__EXERCISE DESCRIPTION__. Going down the data below, set down exactly the line with "Kurta Top Unbranded" and each line after it through the line with "Adult Atta Leaf-cutter"; no other lines.

──────── EXERCISE DATA ────────

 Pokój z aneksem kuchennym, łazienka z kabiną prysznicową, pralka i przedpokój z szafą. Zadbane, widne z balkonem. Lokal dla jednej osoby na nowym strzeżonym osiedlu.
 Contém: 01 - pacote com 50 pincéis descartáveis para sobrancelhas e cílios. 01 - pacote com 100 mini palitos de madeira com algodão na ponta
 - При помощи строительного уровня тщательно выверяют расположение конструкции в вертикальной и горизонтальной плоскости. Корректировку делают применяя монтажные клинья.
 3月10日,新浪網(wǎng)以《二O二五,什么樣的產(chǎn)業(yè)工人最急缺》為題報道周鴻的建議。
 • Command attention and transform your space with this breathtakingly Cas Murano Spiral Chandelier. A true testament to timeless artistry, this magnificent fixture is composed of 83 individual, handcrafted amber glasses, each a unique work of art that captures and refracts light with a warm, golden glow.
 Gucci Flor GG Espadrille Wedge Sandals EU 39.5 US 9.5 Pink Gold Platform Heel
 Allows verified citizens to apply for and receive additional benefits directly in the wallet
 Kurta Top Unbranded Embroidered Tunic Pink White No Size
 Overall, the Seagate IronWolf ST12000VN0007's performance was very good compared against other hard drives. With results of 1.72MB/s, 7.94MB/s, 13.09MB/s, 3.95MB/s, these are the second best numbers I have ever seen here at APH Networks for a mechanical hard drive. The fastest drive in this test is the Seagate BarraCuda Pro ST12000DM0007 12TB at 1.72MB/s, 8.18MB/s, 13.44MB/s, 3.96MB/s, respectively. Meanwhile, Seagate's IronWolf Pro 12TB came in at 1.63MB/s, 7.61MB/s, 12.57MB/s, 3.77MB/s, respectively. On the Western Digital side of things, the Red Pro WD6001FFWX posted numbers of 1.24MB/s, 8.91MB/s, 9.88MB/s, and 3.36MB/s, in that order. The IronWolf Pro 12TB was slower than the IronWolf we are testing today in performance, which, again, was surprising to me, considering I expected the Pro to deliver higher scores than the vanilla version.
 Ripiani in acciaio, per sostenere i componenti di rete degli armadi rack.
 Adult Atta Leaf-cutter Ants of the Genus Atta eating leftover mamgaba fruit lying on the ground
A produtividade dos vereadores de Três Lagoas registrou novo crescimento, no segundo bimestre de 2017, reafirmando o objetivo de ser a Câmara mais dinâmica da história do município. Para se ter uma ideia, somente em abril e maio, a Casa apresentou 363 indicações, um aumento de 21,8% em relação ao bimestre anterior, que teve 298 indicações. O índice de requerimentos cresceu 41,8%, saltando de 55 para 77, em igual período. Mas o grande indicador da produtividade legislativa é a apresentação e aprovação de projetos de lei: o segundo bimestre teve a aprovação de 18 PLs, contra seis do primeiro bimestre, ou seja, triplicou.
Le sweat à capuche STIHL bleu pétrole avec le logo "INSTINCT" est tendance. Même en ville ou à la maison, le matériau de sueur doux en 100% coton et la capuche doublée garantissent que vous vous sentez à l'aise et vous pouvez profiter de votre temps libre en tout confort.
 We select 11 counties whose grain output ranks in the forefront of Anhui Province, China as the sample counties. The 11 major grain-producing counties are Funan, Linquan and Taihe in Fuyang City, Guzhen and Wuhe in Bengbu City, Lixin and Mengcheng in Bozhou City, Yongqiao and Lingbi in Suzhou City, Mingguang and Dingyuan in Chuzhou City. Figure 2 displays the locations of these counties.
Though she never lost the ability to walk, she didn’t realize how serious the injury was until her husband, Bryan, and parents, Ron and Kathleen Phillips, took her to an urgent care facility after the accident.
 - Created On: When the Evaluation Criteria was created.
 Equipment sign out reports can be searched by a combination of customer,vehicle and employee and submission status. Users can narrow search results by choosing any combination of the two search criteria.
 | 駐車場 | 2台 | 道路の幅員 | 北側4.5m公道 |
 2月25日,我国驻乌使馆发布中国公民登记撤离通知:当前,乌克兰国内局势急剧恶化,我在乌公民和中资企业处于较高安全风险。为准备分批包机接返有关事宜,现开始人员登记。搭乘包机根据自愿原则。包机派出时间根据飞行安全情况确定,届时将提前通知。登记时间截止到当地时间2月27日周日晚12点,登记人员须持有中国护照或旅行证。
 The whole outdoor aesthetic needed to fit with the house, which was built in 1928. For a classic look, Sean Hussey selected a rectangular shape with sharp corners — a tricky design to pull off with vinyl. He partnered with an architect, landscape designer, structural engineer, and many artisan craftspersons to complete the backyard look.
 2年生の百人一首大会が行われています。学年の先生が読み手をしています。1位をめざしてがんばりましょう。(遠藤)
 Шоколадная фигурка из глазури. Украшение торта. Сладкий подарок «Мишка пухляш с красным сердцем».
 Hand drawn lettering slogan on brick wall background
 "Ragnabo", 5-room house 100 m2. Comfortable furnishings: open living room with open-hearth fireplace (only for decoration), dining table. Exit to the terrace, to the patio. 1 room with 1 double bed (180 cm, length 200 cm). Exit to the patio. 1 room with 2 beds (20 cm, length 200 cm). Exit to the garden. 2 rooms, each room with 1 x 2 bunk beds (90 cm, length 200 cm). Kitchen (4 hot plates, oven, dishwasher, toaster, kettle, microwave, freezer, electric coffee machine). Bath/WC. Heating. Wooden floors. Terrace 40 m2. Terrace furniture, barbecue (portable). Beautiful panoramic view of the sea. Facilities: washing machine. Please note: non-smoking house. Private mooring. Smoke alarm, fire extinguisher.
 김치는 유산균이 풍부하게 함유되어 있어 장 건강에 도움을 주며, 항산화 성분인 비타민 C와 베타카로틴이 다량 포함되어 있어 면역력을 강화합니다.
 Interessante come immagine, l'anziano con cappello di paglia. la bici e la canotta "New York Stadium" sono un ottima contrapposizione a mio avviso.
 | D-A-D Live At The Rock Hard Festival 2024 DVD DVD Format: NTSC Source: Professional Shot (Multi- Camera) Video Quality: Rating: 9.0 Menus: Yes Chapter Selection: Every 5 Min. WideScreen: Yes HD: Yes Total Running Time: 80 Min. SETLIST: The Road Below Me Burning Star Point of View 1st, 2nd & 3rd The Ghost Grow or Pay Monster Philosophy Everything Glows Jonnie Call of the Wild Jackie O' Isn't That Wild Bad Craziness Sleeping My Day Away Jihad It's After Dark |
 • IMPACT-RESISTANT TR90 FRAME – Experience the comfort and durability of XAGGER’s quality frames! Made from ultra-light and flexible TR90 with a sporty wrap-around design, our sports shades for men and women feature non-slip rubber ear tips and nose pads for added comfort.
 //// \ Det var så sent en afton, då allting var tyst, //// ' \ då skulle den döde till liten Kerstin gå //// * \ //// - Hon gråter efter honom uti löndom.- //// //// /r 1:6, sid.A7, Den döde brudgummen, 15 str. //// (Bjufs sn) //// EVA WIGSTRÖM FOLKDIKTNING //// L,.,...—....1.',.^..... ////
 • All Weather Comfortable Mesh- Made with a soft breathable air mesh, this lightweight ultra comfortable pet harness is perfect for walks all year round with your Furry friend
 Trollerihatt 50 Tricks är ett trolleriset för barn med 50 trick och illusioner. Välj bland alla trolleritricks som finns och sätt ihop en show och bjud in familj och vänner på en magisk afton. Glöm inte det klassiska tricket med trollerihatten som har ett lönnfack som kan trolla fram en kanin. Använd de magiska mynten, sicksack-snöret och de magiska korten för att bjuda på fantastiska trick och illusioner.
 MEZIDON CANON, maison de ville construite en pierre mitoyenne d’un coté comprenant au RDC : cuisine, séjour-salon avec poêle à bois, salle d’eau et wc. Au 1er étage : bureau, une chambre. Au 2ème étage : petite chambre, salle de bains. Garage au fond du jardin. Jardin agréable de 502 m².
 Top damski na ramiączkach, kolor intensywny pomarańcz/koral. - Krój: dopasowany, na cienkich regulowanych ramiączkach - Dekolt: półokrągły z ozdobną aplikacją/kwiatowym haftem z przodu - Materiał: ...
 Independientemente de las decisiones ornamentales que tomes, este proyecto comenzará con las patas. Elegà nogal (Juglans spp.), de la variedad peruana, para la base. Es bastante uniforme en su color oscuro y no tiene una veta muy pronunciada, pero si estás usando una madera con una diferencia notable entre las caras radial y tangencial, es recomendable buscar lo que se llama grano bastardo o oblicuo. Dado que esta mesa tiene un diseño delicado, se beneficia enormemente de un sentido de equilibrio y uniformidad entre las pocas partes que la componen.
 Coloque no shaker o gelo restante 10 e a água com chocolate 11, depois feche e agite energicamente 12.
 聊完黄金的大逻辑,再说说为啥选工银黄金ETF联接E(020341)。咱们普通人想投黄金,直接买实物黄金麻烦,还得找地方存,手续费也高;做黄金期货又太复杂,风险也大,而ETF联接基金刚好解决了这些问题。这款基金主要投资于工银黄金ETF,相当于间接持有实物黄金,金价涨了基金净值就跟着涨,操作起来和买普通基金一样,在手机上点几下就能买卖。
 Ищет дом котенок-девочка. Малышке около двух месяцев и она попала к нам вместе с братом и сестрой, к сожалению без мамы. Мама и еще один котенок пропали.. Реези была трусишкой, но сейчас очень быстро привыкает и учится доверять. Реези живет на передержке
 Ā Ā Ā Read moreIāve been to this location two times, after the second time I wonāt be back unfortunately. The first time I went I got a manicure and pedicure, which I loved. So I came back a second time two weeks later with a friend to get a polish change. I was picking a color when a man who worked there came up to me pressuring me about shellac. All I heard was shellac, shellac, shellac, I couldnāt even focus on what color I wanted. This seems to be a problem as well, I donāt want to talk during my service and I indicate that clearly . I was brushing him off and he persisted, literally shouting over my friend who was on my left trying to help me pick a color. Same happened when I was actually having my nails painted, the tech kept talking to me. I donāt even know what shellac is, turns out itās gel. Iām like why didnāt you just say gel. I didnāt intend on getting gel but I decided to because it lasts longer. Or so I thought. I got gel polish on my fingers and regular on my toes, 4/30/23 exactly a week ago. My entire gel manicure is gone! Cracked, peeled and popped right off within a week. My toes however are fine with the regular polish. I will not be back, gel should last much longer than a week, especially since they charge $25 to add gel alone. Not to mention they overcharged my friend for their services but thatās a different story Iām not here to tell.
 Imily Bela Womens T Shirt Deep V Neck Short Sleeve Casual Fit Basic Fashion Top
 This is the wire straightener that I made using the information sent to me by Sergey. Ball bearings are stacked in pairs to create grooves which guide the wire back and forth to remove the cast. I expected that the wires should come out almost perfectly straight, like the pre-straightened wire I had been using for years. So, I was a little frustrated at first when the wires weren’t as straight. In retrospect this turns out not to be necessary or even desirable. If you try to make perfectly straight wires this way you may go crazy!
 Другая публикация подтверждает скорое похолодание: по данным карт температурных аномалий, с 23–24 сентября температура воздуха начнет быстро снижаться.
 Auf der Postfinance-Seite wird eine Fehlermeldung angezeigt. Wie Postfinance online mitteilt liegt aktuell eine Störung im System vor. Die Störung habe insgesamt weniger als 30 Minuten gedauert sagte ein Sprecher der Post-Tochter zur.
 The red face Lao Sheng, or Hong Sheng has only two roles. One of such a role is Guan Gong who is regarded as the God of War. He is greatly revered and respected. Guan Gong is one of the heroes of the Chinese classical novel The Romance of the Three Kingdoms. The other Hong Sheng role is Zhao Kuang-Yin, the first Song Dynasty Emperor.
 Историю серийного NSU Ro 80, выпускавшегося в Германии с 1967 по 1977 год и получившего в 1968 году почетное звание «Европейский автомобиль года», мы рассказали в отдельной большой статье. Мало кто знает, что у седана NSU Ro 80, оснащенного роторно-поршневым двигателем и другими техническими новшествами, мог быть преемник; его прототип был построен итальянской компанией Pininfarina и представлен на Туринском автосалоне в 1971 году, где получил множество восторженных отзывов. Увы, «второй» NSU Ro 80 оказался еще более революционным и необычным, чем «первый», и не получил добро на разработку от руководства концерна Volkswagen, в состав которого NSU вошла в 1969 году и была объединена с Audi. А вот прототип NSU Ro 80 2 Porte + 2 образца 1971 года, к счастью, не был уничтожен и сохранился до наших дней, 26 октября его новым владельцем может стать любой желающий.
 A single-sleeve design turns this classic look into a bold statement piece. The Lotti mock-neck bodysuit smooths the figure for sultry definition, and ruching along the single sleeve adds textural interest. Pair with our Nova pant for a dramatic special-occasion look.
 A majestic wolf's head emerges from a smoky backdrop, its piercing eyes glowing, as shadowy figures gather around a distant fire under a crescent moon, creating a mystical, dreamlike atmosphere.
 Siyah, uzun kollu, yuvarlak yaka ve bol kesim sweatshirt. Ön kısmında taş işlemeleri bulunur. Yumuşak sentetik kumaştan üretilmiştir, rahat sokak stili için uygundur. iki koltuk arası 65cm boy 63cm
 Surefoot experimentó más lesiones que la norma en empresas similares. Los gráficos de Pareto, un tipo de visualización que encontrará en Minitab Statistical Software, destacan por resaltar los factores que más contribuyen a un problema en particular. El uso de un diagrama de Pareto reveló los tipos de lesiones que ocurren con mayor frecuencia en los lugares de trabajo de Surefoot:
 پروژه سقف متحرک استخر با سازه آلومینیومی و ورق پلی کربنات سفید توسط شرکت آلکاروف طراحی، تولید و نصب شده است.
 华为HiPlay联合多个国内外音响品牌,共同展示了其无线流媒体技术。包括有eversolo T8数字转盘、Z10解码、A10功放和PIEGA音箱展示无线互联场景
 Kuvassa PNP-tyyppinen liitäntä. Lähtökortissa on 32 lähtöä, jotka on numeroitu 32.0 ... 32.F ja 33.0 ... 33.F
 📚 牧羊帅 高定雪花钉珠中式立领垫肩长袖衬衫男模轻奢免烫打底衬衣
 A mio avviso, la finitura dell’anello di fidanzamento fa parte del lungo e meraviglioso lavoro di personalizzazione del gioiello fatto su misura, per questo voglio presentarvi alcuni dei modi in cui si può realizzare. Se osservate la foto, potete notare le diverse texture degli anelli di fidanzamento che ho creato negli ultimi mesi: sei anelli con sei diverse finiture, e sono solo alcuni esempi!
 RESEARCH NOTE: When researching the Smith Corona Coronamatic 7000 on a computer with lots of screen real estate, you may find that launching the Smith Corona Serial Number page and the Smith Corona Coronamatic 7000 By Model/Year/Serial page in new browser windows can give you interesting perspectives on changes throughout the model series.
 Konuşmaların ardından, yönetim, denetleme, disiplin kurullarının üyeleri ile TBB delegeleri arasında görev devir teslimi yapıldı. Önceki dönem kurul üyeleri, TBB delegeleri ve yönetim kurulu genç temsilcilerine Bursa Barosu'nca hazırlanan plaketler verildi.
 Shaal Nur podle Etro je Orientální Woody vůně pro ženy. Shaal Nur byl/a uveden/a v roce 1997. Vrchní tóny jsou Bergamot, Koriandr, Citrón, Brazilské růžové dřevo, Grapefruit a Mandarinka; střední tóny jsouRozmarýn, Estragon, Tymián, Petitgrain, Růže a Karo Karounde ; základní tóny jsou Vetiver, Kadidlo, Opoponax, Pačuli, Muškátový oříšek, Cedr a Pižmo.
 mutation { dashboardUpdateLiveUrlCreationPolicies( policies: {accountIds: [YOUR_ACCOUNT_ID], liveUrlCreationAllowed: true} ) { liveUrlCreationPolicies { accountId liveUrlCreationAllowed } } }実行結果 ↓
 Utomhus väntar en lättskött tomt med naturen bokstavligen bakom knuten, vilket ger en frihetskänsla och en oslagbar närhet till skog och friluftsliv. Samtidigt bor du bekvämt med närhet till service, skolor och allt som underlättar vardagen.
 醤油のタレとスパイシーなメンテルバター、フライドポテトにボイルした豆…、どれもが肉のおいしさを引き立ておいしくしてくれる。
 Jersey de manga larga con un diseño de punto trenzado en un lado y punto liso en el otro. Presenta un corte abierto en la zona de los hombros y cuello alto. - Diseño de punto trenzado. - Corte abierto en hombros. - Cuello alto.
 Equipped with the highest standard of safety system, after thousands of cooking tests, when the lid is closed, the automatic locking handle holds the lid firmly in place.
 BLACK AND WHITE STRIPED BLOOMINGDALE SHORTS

────────

__REPLY__.
 Kurta Top Unbranded Embroidered Tunic Pink White No Size
 Overall, the Seagate IronWolf ST12000VN0007's performance was very good compared against other hard drives. With results of 1.72MB/s, 7.94MB/s, 13.09MB/s, 3.95MB/s, these are the second best numbers I have ever seen here at APH Networks for a mechanical hard drive. The fastest drive in this test is the Seagate BarraCuda Pro ST12000DM0007 12TB at 1.72MB/s, 8.18MB/s, 13.44MB/s, 3.96MB/s, respectively. Meanwhile, Seagate's IronWolf Pro 12TB came in at 1.63MB/s, 7.61MB/s, 12.57MB/s, 3.77MB/s, respectively. On the Western Digital side of things, the Red Pro WD6001FFWX posted numbers of 1.24MB/s, 8.91MB/s, 9.88MB/s, and 3.36MB/s, in that order. The IronWolf Pro 12TB was slower than the IronWolf we are testing today in performance, which, again, was surprising to me, considering I expected the Pro to deliver higher scores than the vanilla version.
 Ripiani in acciaio, per sostenere i componenti di rete degli armadi rack.
 Adult Atta Leaf-cutter Ants of the Genus Atta eating leftover mamgaba fruit lying on the ground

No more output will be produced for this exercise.